In General by Coolidge Wall

What is procedural due process? Procedural due process is a constitutionally protected interest. Due to this interest, prior to any taking of life, liberty, or property by the government, United States’ citizens are entitled to notice and the opportunity to be heard.

Public employers should particularly be concerned with their employees’ property and liberty interests and educate themselves on the type of process due to its employees prior to, and in some cases after, the termination of an employee.

Property Interest

In the public employment context, some employees may have a property interest in their continued employment. To determine whether a property interest in employment exists, the court generally inquires as to whether the employee had a reasonable expectation that their employment could only be terminated for good cause. Courts have determined this reasonable expectation can be created in a variety of ways including: (1) by a law which classifies certain employees that may only be terminated for cause; (2) by mutual understanding via an enforceable contract; or (3) by the employer’s unequivocal intent to be bound to a contractual relationship with the employee. This unequivocal intent can even be evidenced by language in an employee handbook.

When an employee has a property interest in their continued employment, employers must give the employee notice and an opportunity to be heard before the employee is terminated. Only extraordinary situations, where some valid governmental interest is at stake, justify postponing the hearing until after the termination.

Terminating employees who have a property interest in their employment without notice and the opportunity to be heard may violate the employee’s procedural due process rights and leaves the public employer susceptible to unwanted litigation.

Liberty Interest

All employees have a protected liberty interest in their reputation, good name, honor, and integrity. When an employee is deprived of any one of these in connection with being terminated from their position, they are entitled to due process of the law in the form of a name-clearing hearing.
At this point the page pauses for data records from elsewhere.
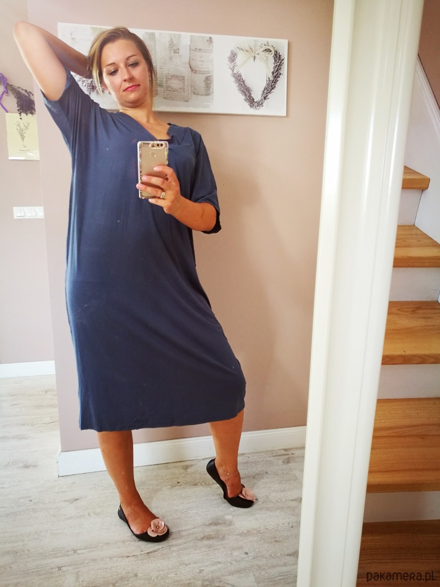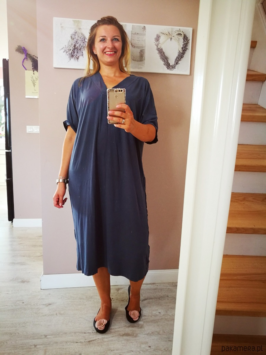 Sukienka midi z cienkiego materiału w stylu oversize.
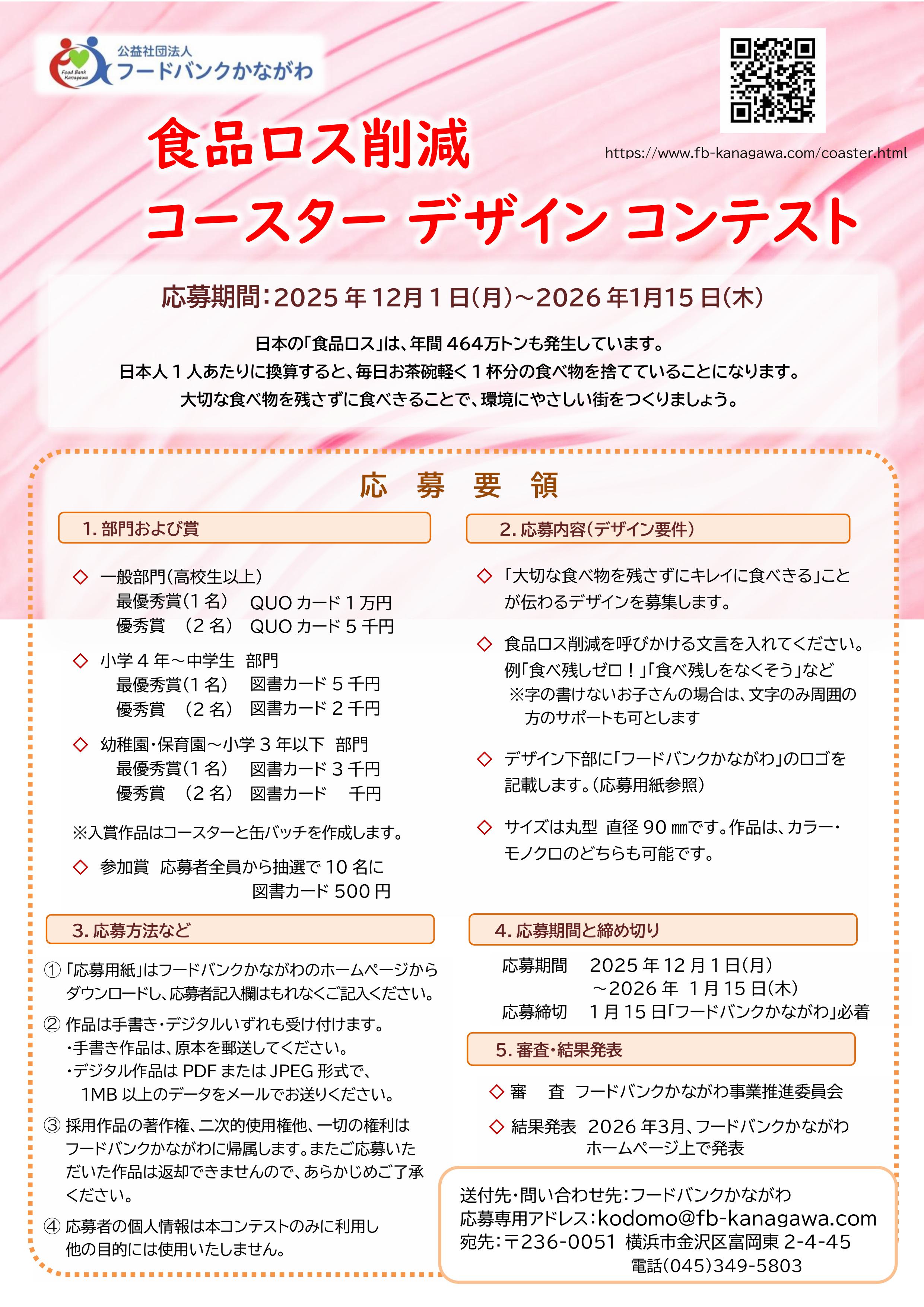 生活クラブでは、フードバンクかながわの「食品ロス削減」への取組みに協賛し、コースターデザインコンテストへのおおぜいの参加を呼びかけます。
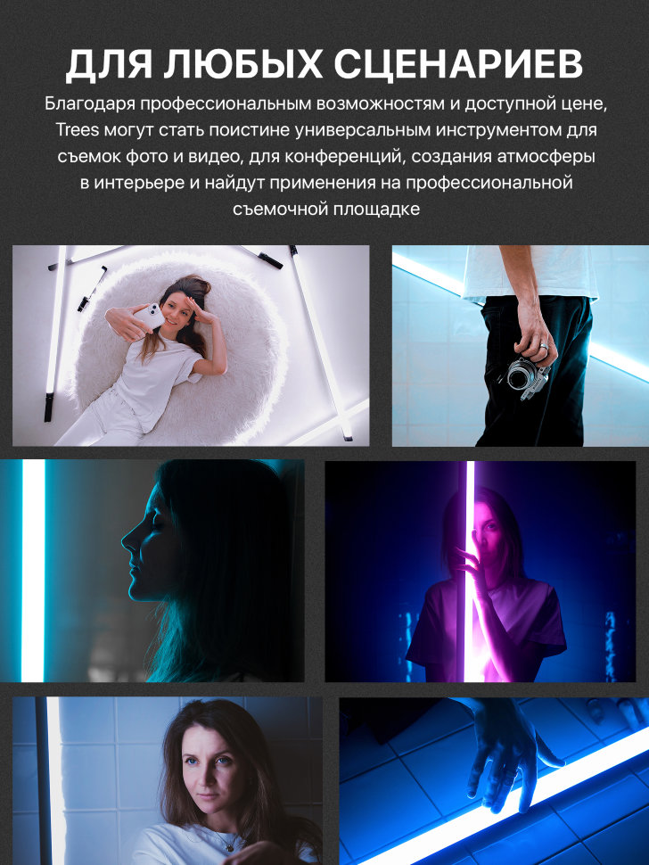 Для любых сценариевОбновленная линейка REQUIRED Trees обзавелась адресными диодами, что позволяет получать на одном жезле несколько цветов и создавать градиенты! В серии представлены 3 типоразмера: Sakura - 28см, Olive - 56см, Baobab - 112 см, которые могут комбинироваться в любых сочетаниях. Благодаря профессиональным возможностям и доступной цене, Trees могут стать поистине универсальным инструментом для съемок фото и видео, для конференций, создания атмосферы в интерьере и найдут применения на профессиональной съемочной площадке |
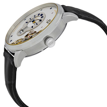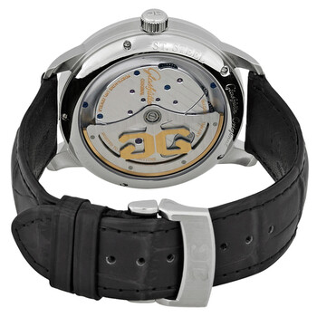 Silver-tone stainless steel case with a blue louisiana alligator leather strap. Fixed silver-tone stainless steel bezel. Galvanized dial with blued steel hands and index hour markers. Dial Type: Analog. Date display between 1 and 2 o'clock position. Small second subdials. Glashutte Calibre 91-02 automatic movement with a 42-hour power reserve. Scratch resistant sapphire crystal. Skeleton case back. Case size: 42 mm. Case thickness: 12.30 mm. Round case shape. Water resistant at 50 meters / 165 feet. Functions: big date, hour, minute, small second. Luxury watch style. Watch label: Made in Germany. Glashutte PanoMaticInverse Galvanized Dial Automatic Men's Watch 1-91-02-02-02-50.
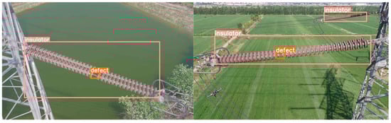 The use of UAV inspections generates a large amount of image data. Improving inspection efficiency while ensuring detection accuracy has become a major issue that needs to be addressed urgently. Traditional insulator defect detection algorithms primarily rely on manually constructed insulator defect features. The traditional insulator defect detection algorithm workflow mainly includes image preprocessing, feature extraction, and a defect classification model []. Defects are located using the insulators’ mechanical structure, color distribution, and texture features. This primarily includes edge detection algorithms based on the Canny operator or Sobel operator, as well as frequency domain analysis methods that extract periodic texture features of insulators using the Fourier transform or wavelet analysis. These algorithms achieve high accuracy and detection efficiency when detecting images with simple backgrounds, good lighting conditions, and distinct defect features. However, the aforementioned methods heavily rely on manually designed feature sets, resulting in insulator defect detection models with extremely weak generalization capabilities. When processing UAV inspection images, detection accuracy drops sharply. This is because images captured by UAVs often have complex backgrounds, and various factors such as farmland, weather, forests, and buildings are recorded in the images. The complex background interferes with the feature extraction of traditional insulator defect detection algorithms. Additionally, the types of insulator defects based on manually constructed feature sets are limited and cannot cover all kinds of insulator defects in actual working conditions, making it difficult for traditional insulator defect detection algorithms to locate insulators and defect types in images accurately []. Thanks to advancements in computer technology, deep learning algorithms have achieved remarkable success across various industries. By leveraging self-learning mechanisms to uncover patterns within data, deep learning algorithms significantly reduce reliance on manually constructed feature sets. In recent years, they have emerged as the mainstream algorithm in insulator defect detection.
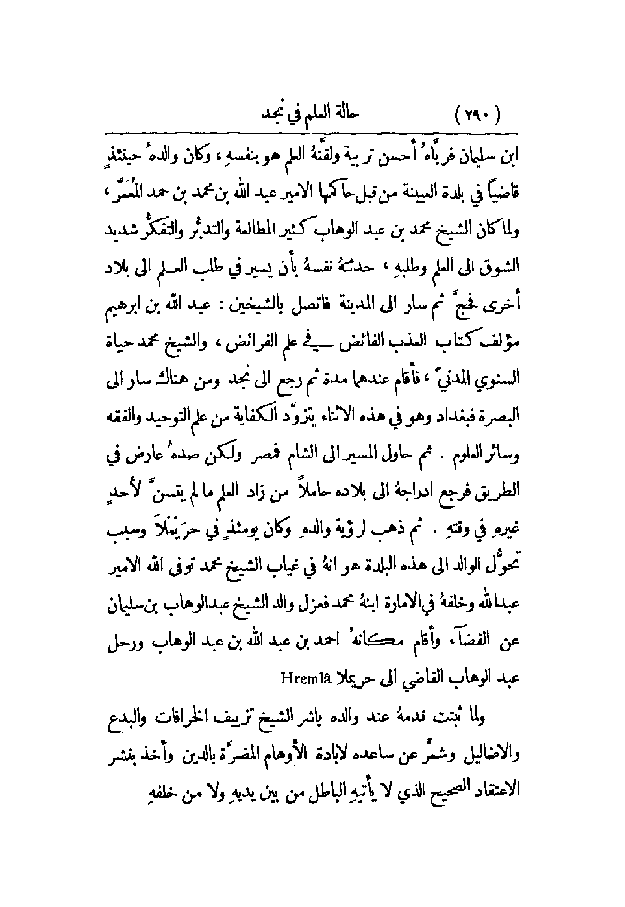 الأمير عبد الله بن محمد بن حمد المعمر، ولما كان الشيخ محمد بن عبد الوهاب كثي المطالعة والتدبر والتفكر شديد الشوق إلى العلم وطلبه، حدثته نفسه بأن يسير في طلب العلم إلى بلاد أخرى فحج ثم سار إلى المدينة فاتصل بالشيخين: عبد الله بن إبراهيم مؤلف كتاب العذب الفائض في علم الفرائض، والشيخ محمد حياة السنوي المدني، فأقام عندهما مدة ثم رجع إلى نجد ومن هناك سار إلى البصرة فبغداد وهو في هذه الأثناء يتزود الكفاية من علم التوحيد والفقه وسائر العلوم. ثم حاول المسير إلى الشام فمصر ولكن صده عارض في الطريق فرجع أدراجه إلى بلاده حاملاً من زاد العلم ما لم يتسن لأحد غيره في وقته. ثم ذهب لرؤية والده وكان يومئذ في حرَيْملا وسبب تحول الوالد إلى هذه البلدة هو أنه في غياب الشيخ محمد توفى الله الأمير عبد الله وخلفه في الإمارة ابنه محمد فعزل والد الشيخ عبد الوهاب بن سليمان عن القضاء وأقام مكانه أحمد بن عبد الله بن عبد الوهاب ورحل عبد الوهاب القاضي إلى حريملا

In the Sixth Circuit, which includes Ohio, the employee must request a name-clearing hearing in order for the employer to be liable for violating the employee’s liberty interest.

The Sixth Circuit has established five elements that a terminated employee must satisfy in order to show they were deprived of a liberty interest entitling them to a name-clearing hearing:

  1. There must be stigmatizing statements made in conjunction with the employee’s termination from employment.
  2. The statements must allege more than improper or inadequate performance, incompetence, neglect of duty, or malfeasance.
  3. The stigmatizing statements or charges must be made public.
  4. The employee must claim that the charges made were false.
  5. The employer’s circulation of the information must have been voluntary.

If all five of these elements are established and the employee has requested a name-clearing hearing, the employer must give the employee a hearing, or they may be violating the employee’s due process rights.

The only requirement of a name-clearing hearing is that it must provide an opportunity to clear one’s name. The requirements of a particular hearing will depend on a fact-intensive review of the circumstances of the termination and how the employee’s good name, reputation, honor, and integrity were affected.